New Butterfly for Donna

by Donna Lewis

It was a great day last week for seeing new things in my garden.  It’s a reminder that to see these beautiful living things, you must always be looking for them.

So after I saw the new Black Swallowtail caterpillar , I walked around in my garden and a fast moving butterfly landed right in front of me. I looked down to find something I had never seen!! It was a Julia male butterfly. They are a brush-footed butterfly (Nymphalidae).

Julia Heliconian (Dryas iulia)

This group of butterflies occur worldwide except at the polar ice caps. They are generally some shade of orange, which is  why they are sometimes mistaken for a Gulf fritillary (my second photo), which was on a zinnia at the same time the Julia was. They were both just a foot apart. Lucky for me I was outside with a camera.
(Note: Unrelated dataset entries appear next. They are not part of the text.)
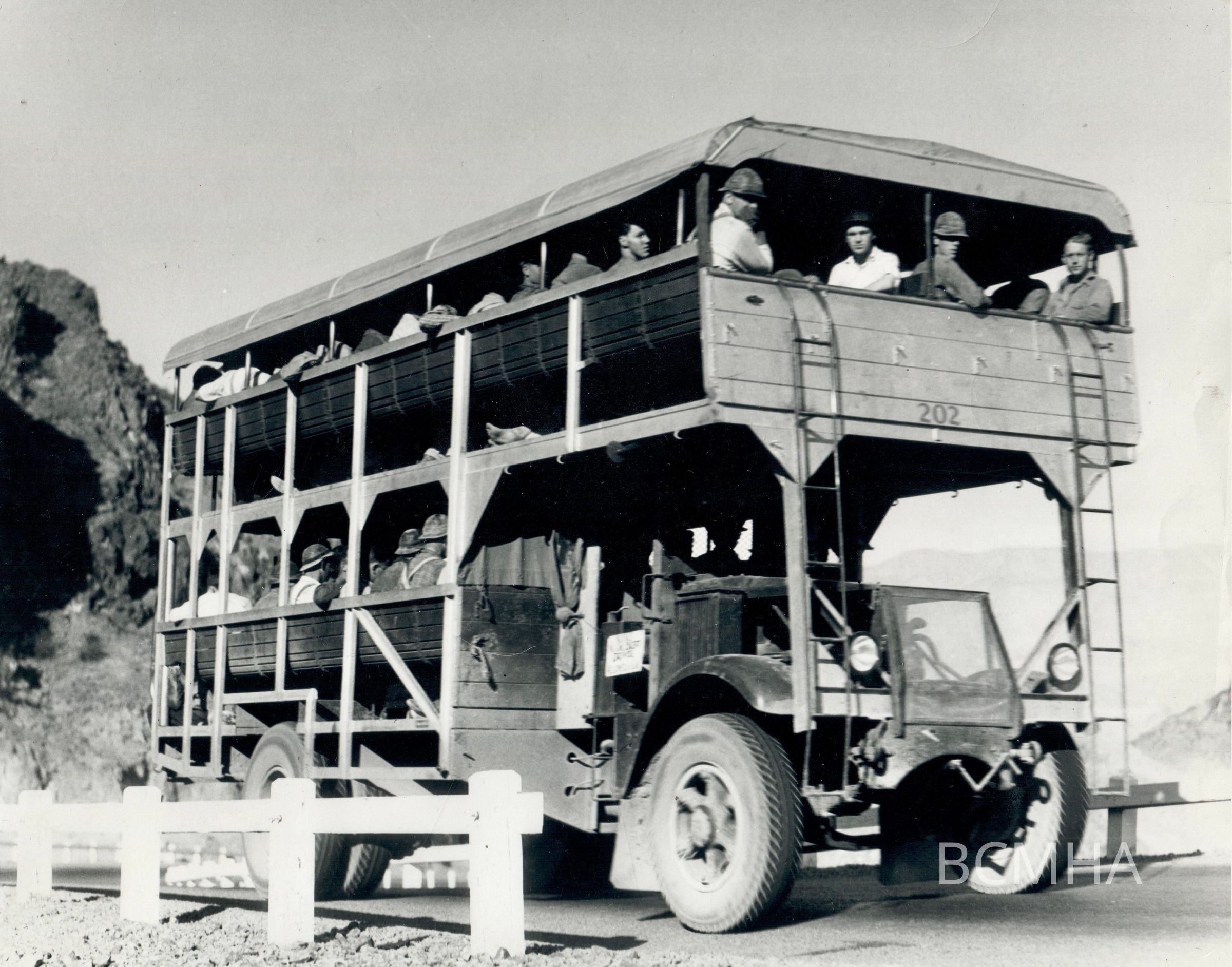 Hoover Dam workers: transportation: "Big Bertha" Motor transport used to move men to and from the damsite. April 12, 1934; B. D. Glaha, photographer; USBR photo/BCP 02394 (?)Collection
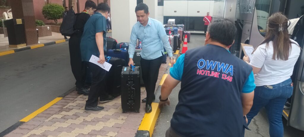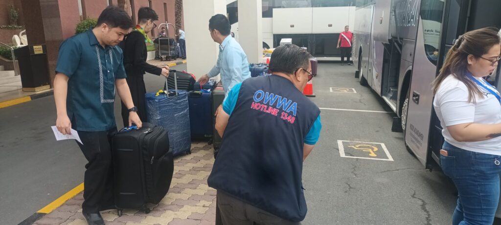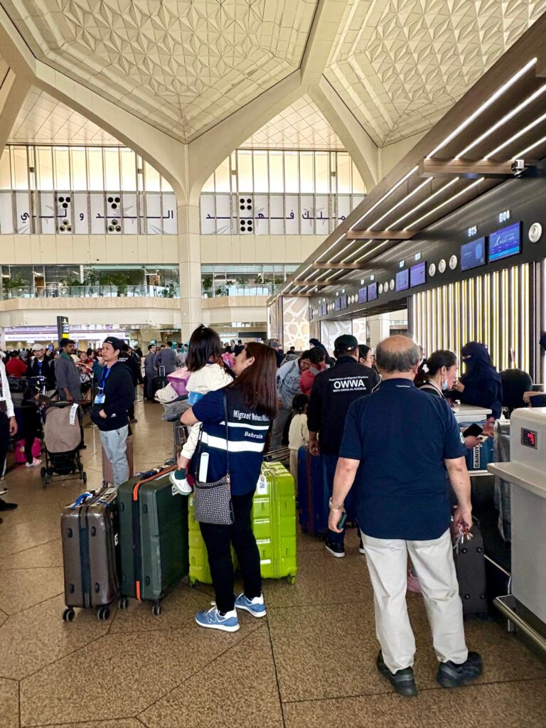 Former Bahrain Welfare Officer Dr. Amelito S. Adel, together with OWWA Welfare Officer in Riyadh Eric Miranda and members of the Department of Migrant Workers (DMW) Rapid Response Team, Marcelo S. Maningding Jr. and Kristine Oliveros, were present, contributing significantly to the successful implementation of the repatriation operation.
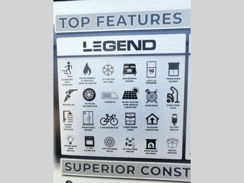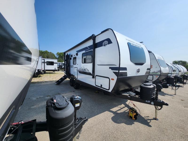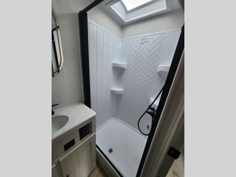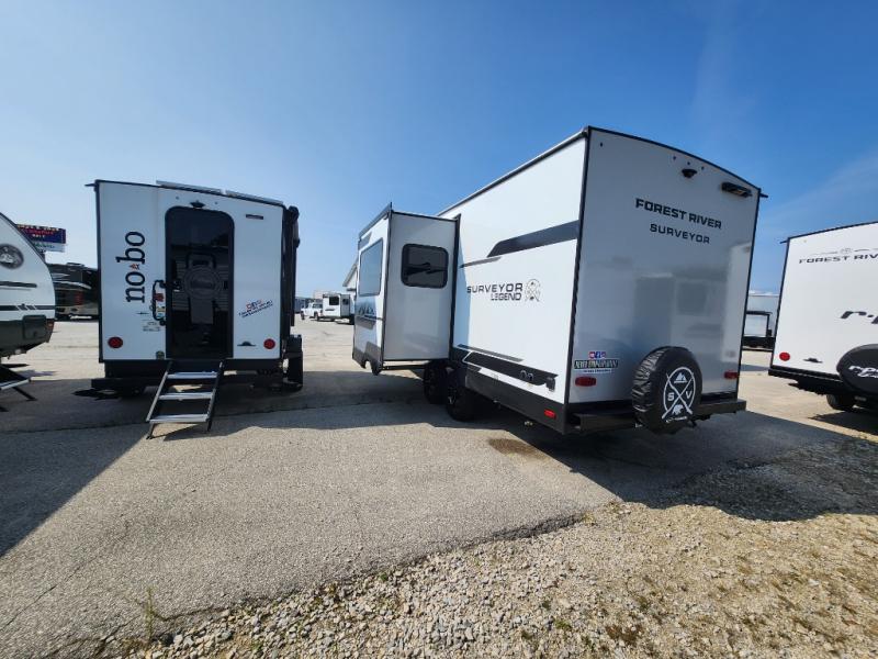 With any Surveyor Legend travel trailer by Forest River you will enjoy quality craftsmanship, convenient amenities, and at-home comforts. The Azdel composite walls provide a longer-lasting trailer, and the power tongue jack with a hitch light will get you back on the road in no-time. There are also Goodyear tires and a tire pressure monitoring system for hassle-free towing. Each model includes the Surveyor Legend Package that comes standard with oversized dinette storage access doors, front slam latch baggage doors, plus an automotive style tinted front windshield. You'll appreciate camping with a tankless water heater for endless hot showers, a 2" accessory hitch to bring bikes along, plus carpet-free interiors and a central vacuum system for easy clean up.
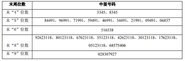 凡参与网上发行申购春风动力A股股票的投资者持有的申购配号尾数与上述号码相同的,则为中签号码。中签号码共有30,001个,每个中签号码只能认购1,000股春风动力A股股票。
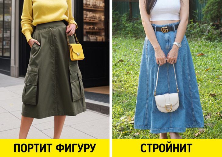 Юбки-карго — горячий тренд, но они подходят не всем, потому что делают бедра визуально объемнее. Вместо этого можно надеть длинную джинсовую юбку — такие модели стройнят. Ограничиваться только моделями макси необязательно. Модные эксперты предлагают экспериментировать с ее длиной.
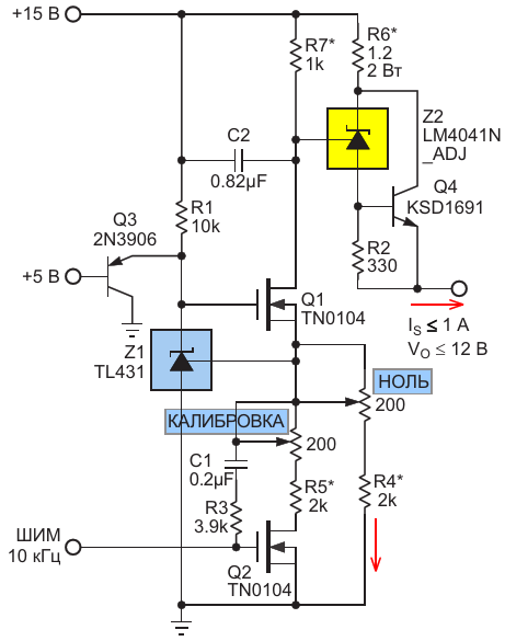 = D ампер, где D - коэффициент заполнения ШИМ. Резисторы, отмеченные звездочкой, должны иметь точность 1% или лучше
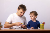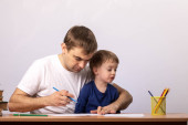 Zdjęcie "Ojciec z synem, pisanie" może być wykorzystywane do celów osobistych i komercyjnych zgodnie z warunkami zakupionej licencji Royalty-free. Obraz jest dostępny do pobrania w jakości wysokiej rozdzielczości do 5760x3840.
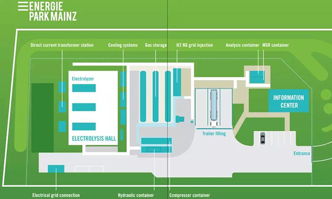 “ 美茵茨能源公园 ”项目于2012年启动,2015年建成投运,2017年正式进入商业化运营阶段,其主要目标是开发,测试和应用可再生能源电解制氢的创新技术。该项目总投资额为1,700万欧元,由林德集团与德国西门子、美因茨市政公司、莱茵应用技术大学合作开发。
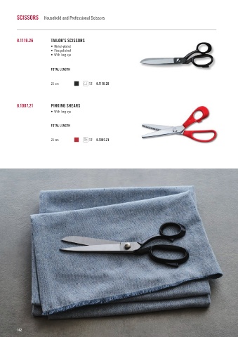 SCISSORS Household and Professional Scissors 8.1119.26 TAILOR’S SCISSORS • Nickel-plated • Fine polished • With long eye TOTAL LENGTH 26 cm 12 8.1119.26 8.1007.21 PINKING SHEARS • With long eye TOTAL LENGTH 21 cm 12 8.1007.21 142
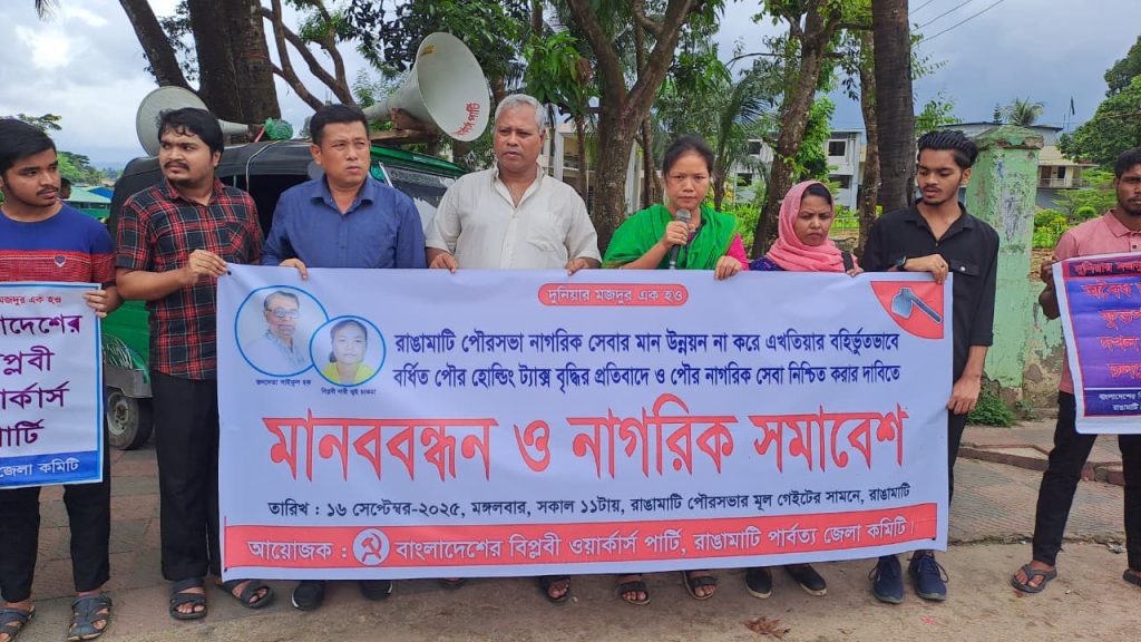 রাঙ্গামাটি পার্বত্য জেলা পৌরসভা নাগরিক সেবার মান উন্নয়ন না করে এখতিয়ার বহির্ভুতভাবে বর্ধিত পৌর হোল্ডিং ট্যাক্স বৃদ্ধির প্রতিবাদ, পৌর নাগরিক সেবা নিশ্চিত করার দাবিতে বাংলাদেশের বিপ্লবী ওয়ার্কার্স পার্টি রাঙ্গামাটি পার্বত্য জেলা কমিটির আয়োজনে মানববন্ধন ও নাগরিক সমাবেশ অনুষ্ঠিত হয়েছে।
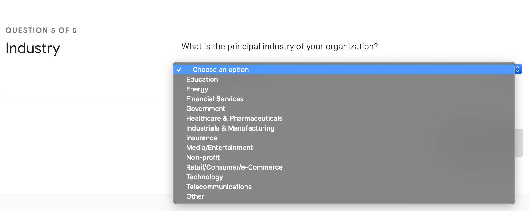 這可能是Google收編DORA團(tuán)隊(duì)所買到的最有價(jià)值的一部分資產(chǎn),歷年來的DevOps調(diào)查問卷參與者的問卷答案數(shù)據(jù)庫。Google今年將這個(gè)數(shù)據(jù)庫向公眾開放了,網(wǎng)址在 https://beta.devops-research.com/performance.html (這個(gè)網(wǎng)址應(yīng)該不用科學(xué)上網(wǎng),會(huì)出現(xiàn)證書錯(cuò)誤提示,請忽略繼續(xù)訪問該頁面)。在你回答了下面的五個(gè)問題后,就可以獲得一份自己的行業(yè)基準(zhǔn)測試報(bào)告。
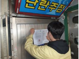 의정부시(시장 안병용)는 5월 23일 경기도 공고 제2020-1065호에 의거, 도 내 다중이용시설(유흥주점, 감성주점, 콜라텍, 단란주점)에 대한 집합금지명령에 따라 지역 내 유흥?단란주점 등 395개 시설에 대해 집합금지명령문을 부착하고 6월 7일까지 행정명령 준수여부를 점검한다.
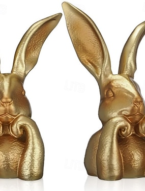 påskharefigur, vintage guldfärgad harestaty i harts, påsktänkande harefigur för bordsdekorationer i hemmet, söt kaninstaty för sovrumshylla och kontorsdekorationer
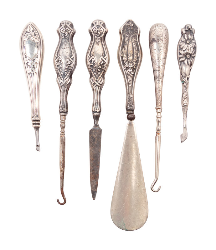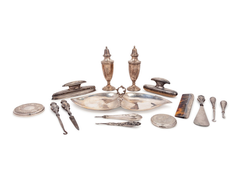 comprising a weighted 3-light candelabrum, Fisher Silversmiths Inc., Jersey City, NJ; a Mexican leaf-form dish; a pair of salt and pepper shakers, Avon Sterling; a circular hand mirror, Towle Silversmiths, Newburyport, MA; a Mexican compact; a silver and tortoise shell comb, Wilcox Silver Plate Co., Meriden, CT; two button hooks stamped Sterling; a nail file stamped Sterling; a shoe horn stamped Sterling; 2 cuticle knives stamped Sterling; a cuticle knife stamped F&B Sterling; a nail buff, Simpson, Hall, Miller & Co., Wallingford, CT and a nail buff, The McChesney Co., Newark, NJ; 16 items total.
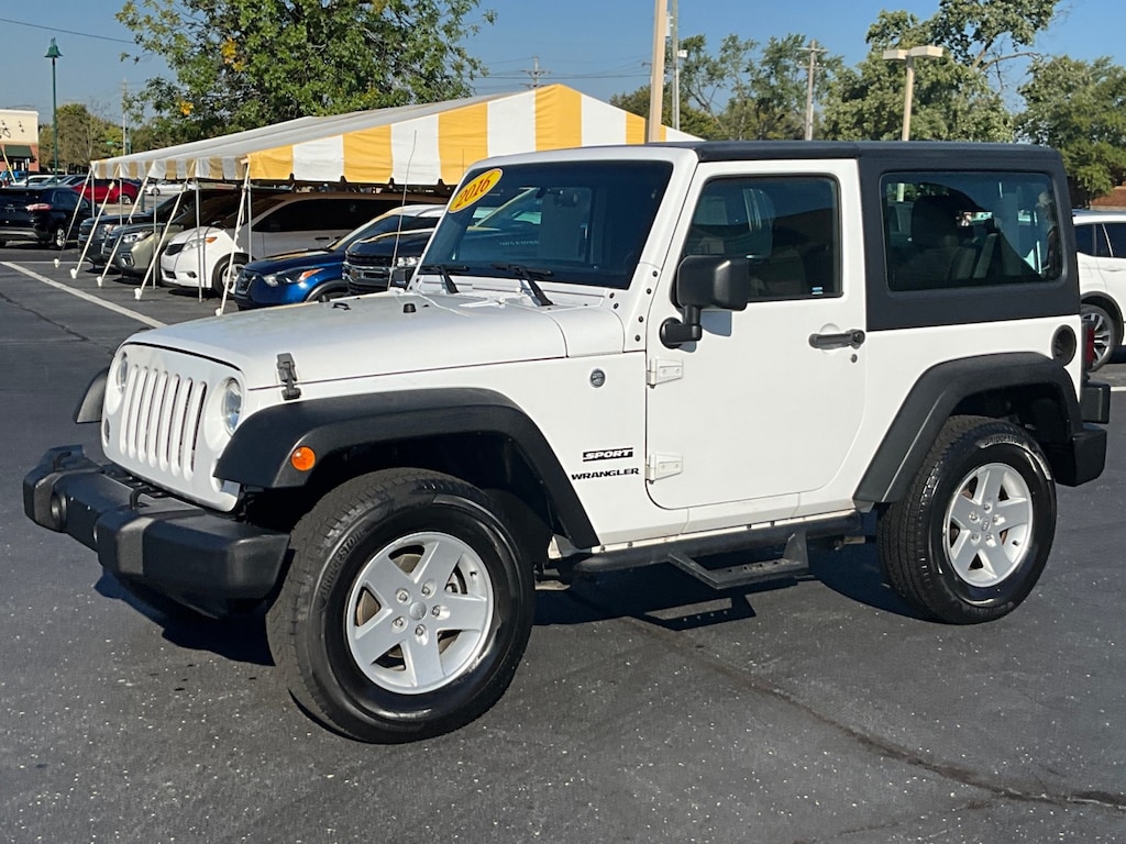 This 2016 Jeep Wrangler Sport, comes equipped with some nice features, these include an AUX port, cruise control, running boards, air conditioning, AM/FM stereo radio, and a CD player. The CARFAX report for this vehicle shows that it has had NO damages or accidents to it and it has 9 service history records. Come in or call today about this 2016 Jeep Wrangler Sport!

Gulf Fritillary (Agraulis vanillae)

Brushfoot butterflies all have reduced fore legs that are useless for walking, hence their name. Butterflies in this group include: Admirals, Fritillaries, Checkerspots, Crescentspots, Anglewings, Leafwings, Painted Ladies, Tortoisehells, and Longwings.

The Julia caterpillars feed on passion flower leaves.

I will look for their caterpillars, now that I have the adult butterfly here.

Keep your eyes peeled Master Naturalists, it’s all out there.